INSTRUCTIONS FOR THE TASK:
Return only the lines of the data below from the line with "Esprit Basic Fine" up to and including the line with "センター横ではバイカウツギが", exactly as written, with the pictures omitted.

+++ TASK INPUT +++

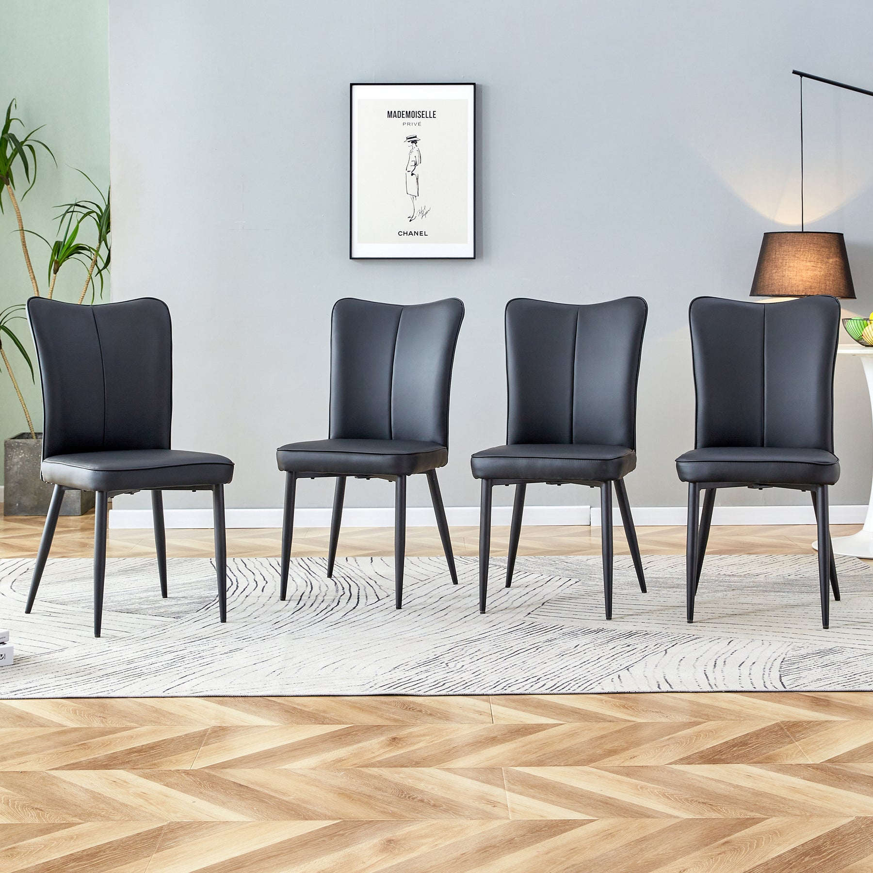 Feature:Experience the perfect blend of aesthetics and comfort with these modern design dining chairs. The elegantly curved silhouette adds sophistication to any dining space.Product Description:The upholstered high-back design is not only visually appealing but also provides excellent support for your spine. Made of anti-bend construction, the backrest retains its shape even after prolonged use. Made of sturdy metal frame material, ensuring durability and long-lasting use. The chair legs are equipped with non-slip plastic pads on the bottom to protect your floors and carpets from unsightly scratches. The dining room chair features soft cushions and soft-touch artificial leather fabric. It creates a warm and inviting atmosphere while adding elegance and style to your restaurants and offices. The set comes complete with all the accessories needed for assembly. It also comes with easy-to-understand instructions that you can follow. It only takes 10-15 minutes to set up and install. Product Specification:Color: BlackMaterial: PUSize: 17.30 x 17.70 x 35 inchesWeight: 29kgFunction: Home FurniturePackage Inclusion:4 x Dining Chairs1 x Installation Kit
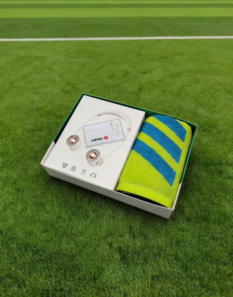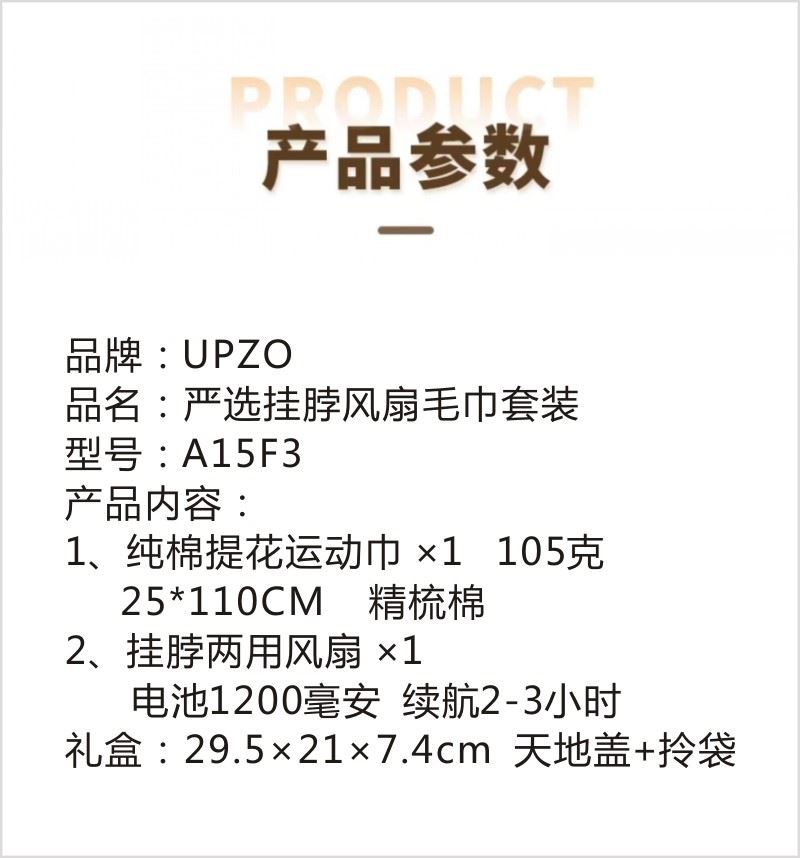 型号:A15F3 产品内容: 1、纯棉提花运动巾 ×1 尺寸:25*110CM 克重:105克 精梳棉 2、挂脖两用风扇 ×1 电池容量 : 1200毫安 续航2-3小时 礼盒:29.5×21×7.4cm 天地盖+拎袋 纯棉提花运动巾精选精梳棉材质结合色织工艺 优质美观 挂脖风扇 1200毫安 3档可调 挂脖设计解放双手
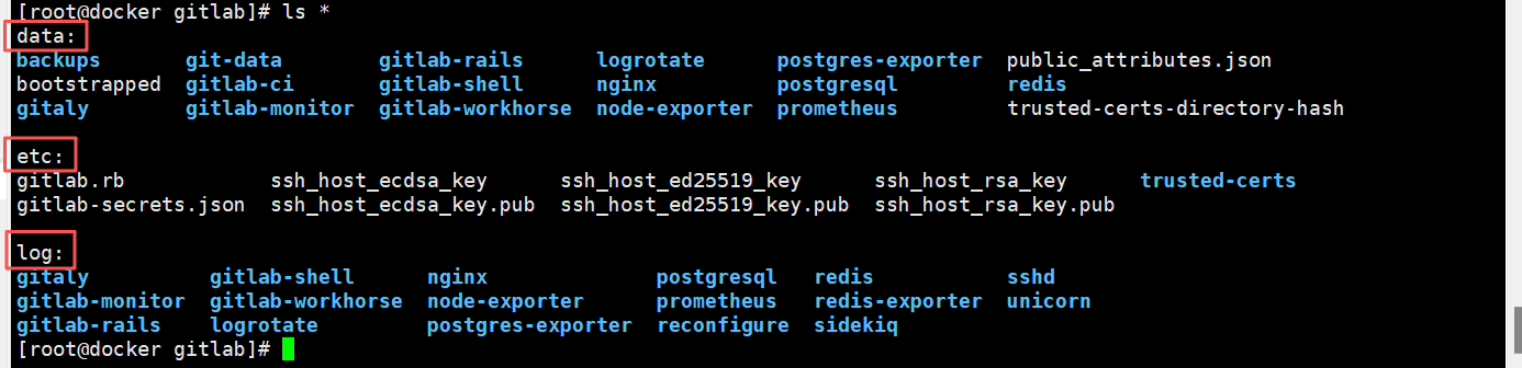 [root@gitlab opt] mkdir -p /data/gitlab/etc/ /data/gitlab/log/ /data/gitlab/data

+++
+++ TASK INPUT +++

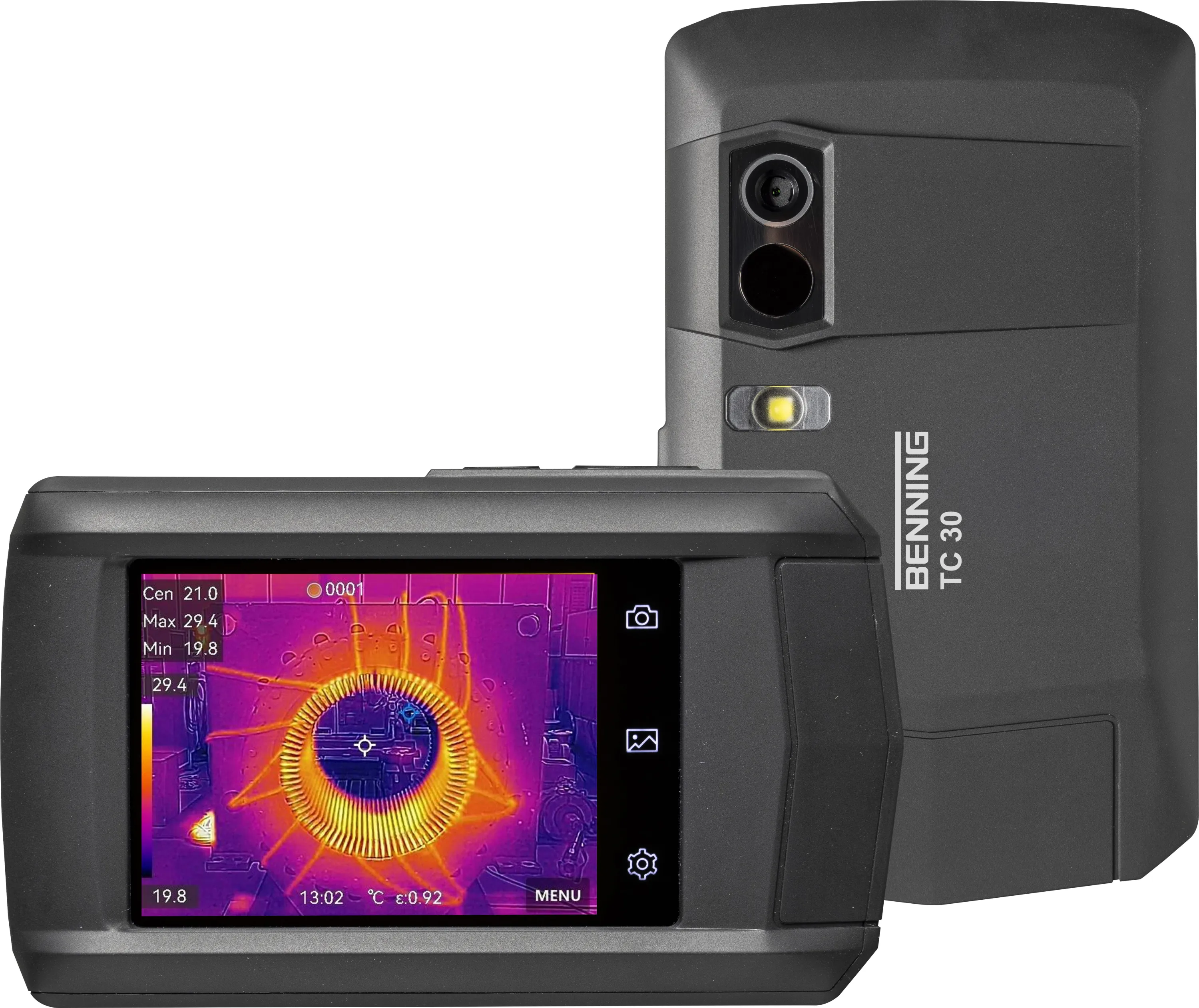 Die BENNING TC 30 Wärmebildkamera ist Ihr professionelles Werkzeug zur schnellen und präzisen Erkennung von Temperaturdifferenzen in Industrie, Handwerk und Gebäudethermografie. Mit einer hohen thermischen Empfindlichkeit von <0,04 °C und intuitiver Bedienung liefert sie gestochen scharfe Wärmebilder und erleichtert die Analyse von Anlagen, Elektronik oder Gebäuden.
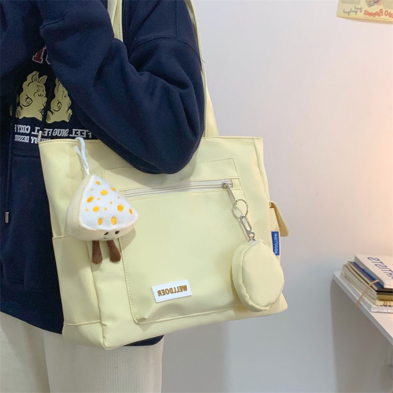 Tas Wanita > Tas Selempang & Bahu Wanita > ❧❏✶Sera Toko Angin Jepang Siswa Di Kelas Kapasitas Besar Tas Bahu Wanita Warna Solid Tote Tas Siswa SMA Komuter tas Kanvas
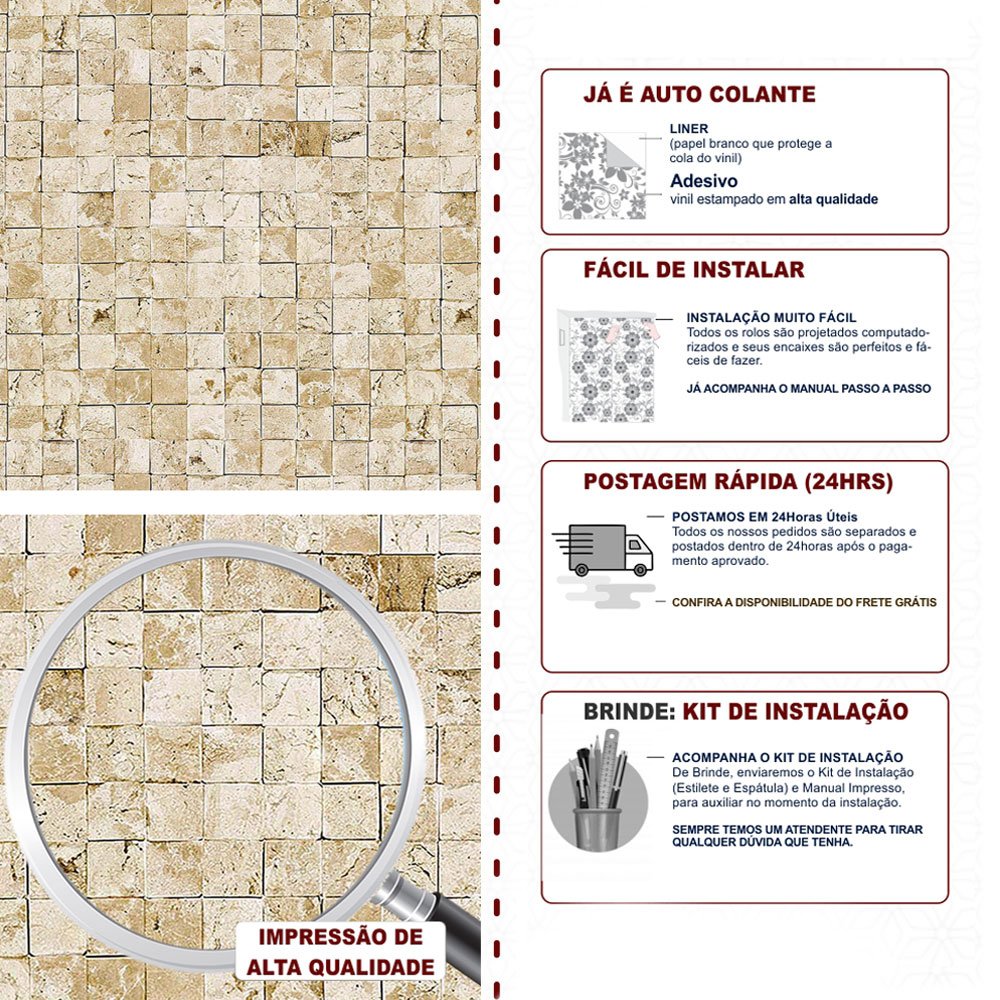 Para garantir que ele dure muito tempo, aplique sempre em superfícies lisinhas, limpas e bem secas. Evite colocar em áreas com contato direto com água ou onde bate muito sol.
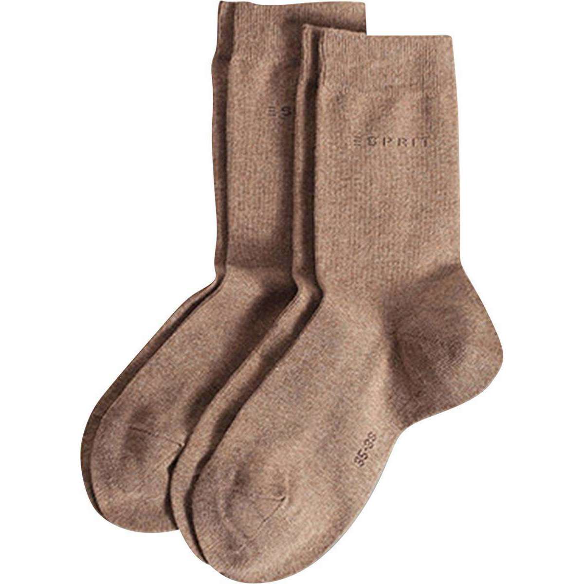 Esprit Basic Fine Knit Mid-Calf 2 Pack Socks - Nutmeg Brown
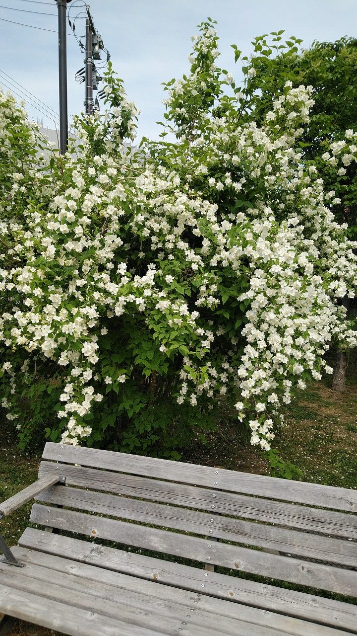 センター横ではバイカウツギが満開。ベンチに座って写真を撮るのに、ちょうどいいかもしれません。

+++
+++ TASK INPUT +++

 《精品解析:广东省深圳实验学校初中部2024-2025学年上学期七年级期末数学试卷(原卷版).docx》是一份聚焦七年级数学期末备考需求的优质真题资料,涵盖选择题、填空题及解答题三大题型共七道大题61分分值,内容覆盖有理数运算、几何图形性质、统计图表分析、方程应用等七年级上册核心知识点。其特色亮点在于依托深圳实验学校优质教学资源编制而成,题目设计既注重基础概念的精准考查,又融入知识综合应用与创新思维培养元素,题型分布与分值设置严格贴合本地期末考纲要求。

+++

SOLUTION TO THE EXERCISE:
 Esprit Basic Fine Knit Mid-Calf 2 Pack Socks - Nutmeg Brown
 センター横ではバイカウツギが満開。ベンチに座って写真を撮るのに、ちょうどいいかもしれません。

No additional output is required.